+++ Stored data +++
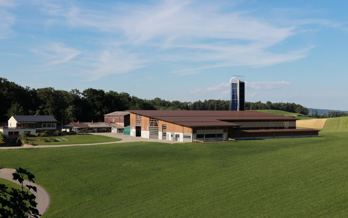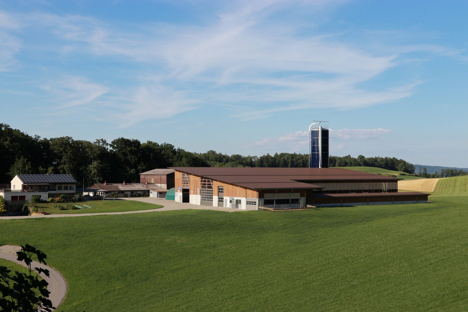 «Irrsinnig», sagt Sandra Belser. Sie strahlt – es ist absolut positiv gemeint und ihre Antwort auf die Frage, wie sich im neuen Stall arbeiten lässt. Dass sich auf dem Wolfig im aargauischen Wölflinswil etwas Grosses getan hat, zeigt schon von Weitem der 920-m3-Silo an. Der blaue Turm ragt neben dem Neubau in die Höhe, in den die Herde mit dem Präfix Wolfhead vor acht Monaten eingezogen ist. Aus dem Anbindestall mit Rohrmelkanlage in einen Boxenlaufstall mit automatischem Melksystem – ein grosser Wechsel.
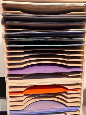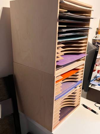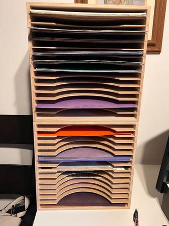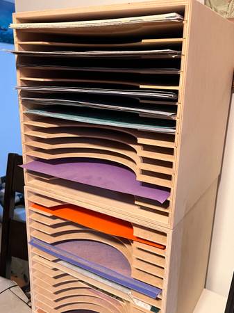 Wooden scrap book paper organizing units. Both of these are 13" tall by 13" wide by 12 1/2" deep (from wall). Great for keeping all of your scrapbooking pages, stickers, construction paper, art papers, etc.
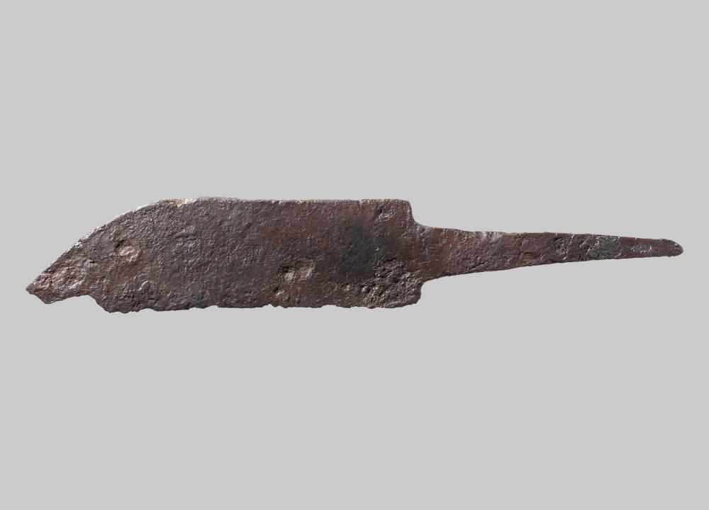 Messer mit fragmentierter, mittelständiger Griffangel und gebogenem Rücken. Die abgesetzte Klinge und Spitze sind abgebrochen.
+++
Where the line containing "Wooden scrap book" appears, begin writing out the lines word for word, and continue through the last line of the data, leaving out pictures.

 Wooden scrap book paper organizing units. Both of these are 13" tall by 13" wide by 12 1/2" deep (from wall). Great for keeping all of your scrapbooking pages, stickers, construction paper, art papers, etc.
 Messer mit fragmentierter, mittelständiger Griffangel und gebogenem Rücken. Die abgesetzte Klinge und Spitze sind abgebrochen.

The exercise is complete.